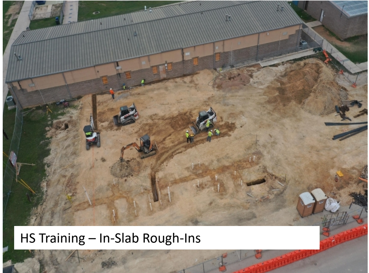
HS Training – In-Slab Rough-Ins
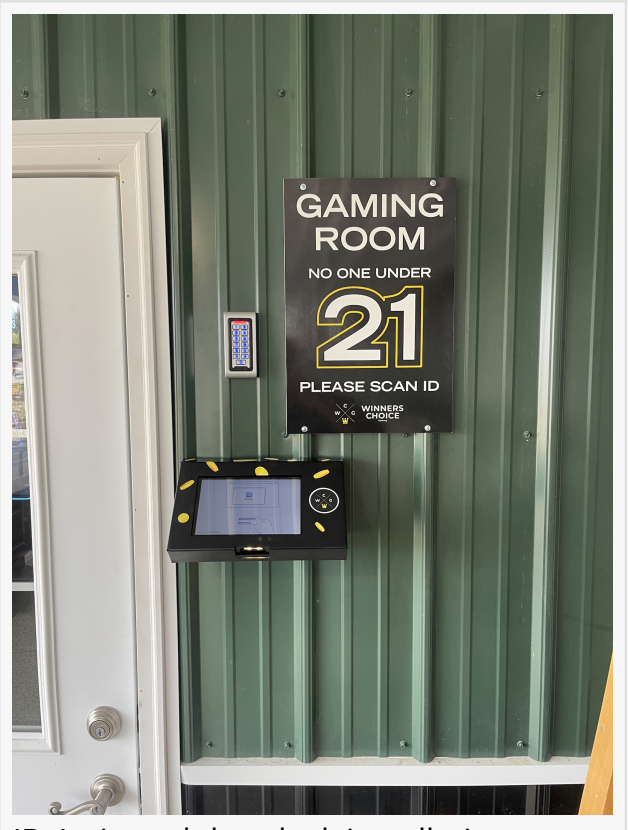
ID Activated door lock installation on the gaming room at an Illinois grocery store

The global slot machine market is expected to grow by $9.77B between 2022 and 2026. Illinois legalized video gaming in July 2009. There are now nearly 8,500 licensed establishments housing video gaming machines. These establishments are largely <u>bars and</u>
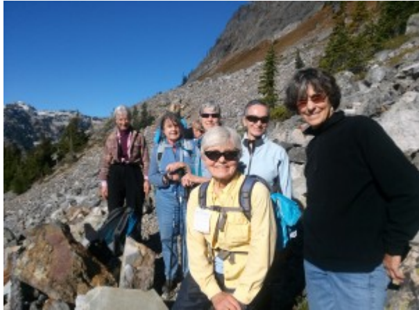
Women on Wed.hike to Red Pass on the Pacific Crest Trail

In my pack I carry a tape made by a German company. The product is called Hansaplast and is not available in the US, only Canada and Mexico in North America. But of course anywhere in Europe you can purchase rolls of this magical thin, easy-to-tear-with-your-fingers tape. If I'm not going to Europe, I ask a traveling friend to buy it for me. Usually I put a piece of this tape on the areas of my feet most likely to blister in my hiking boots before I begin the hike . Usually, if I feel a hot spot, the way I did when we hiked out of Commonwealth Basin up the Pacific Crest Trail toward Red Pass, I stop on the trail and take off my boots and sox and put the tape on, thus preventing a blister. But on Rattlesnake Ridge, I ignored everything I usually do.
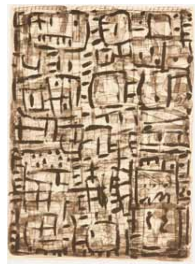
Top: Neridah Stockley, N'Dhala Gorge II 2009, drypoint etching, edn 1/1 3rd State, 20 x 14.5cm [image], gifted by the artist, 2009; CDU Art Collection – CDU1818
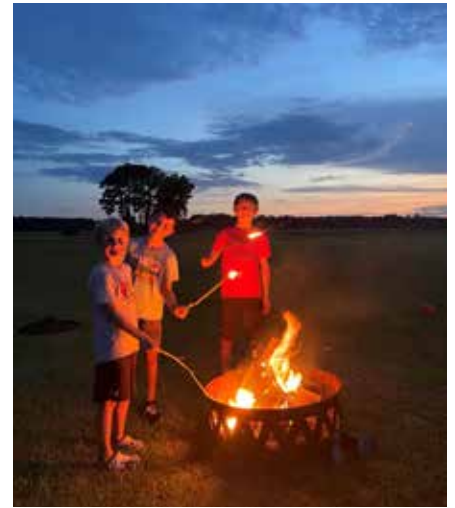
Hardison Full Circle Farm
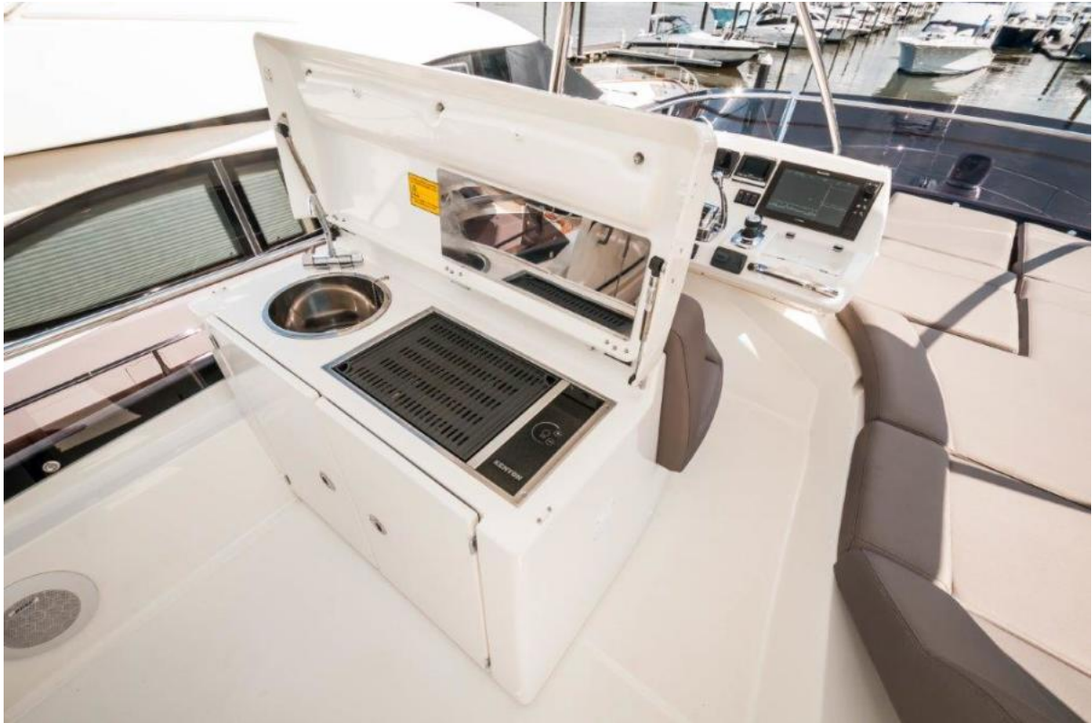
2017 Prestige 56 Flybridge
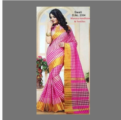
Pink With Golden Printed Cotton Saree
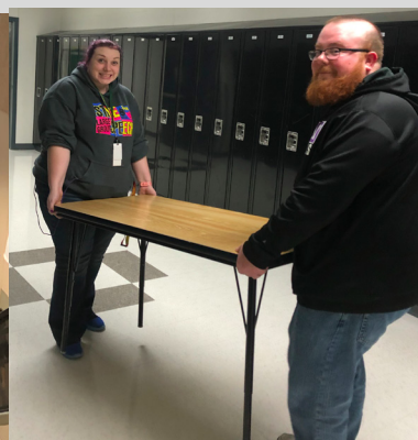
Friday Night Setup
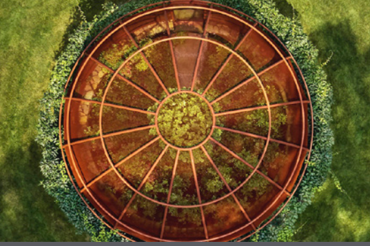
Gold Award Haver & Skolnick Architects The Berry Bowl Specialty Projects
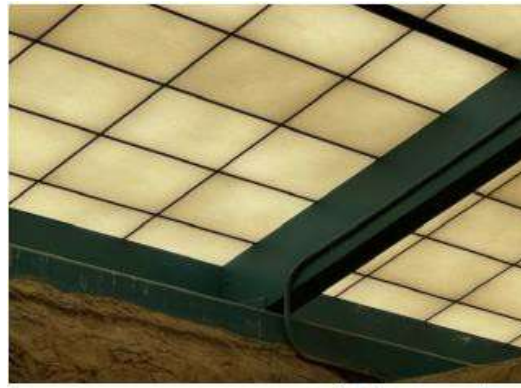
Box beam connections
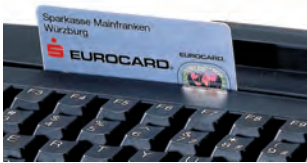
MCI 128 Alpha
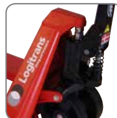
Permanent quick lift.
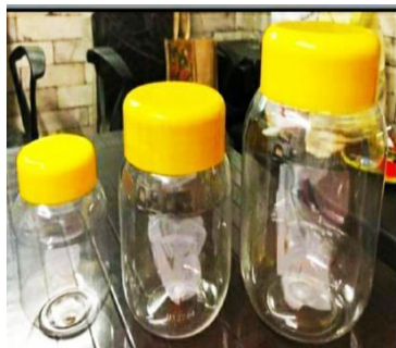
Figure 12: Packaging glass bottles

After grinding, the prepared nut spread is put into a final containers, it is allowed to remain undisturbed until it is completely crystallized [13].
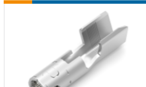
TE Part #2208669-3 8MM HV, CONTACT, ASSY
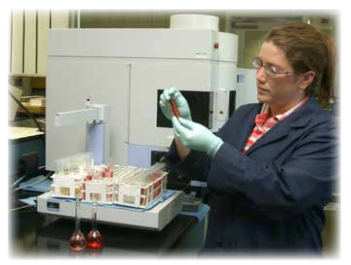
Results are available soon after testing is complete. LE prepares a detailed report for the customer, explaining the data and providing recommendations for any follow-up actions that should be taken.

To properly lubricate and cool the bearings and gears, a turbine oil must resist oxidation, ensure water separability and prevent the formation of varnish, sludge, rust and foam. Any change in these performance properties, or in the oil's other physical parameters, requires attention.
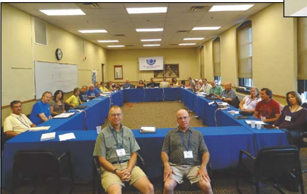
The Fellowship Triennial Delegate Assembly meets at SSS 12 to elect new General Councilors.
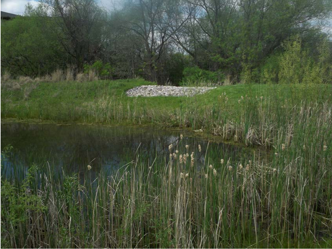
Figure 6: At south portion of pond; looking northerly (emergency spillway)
--------------------
Brief
Working through the entries above, copy every line in which "gaming" is found.

Solution
ID Activated door lock installation on the gaming room at an Illinois grocery store
The global slot machine market is expected to grow by $9.77B between 2022 and 2026. Illinois legalized video gaming in July 2009. There are now nearly 8,500 licensed establishments housing video gaming machines. These establishments are largely <u>bars and</u>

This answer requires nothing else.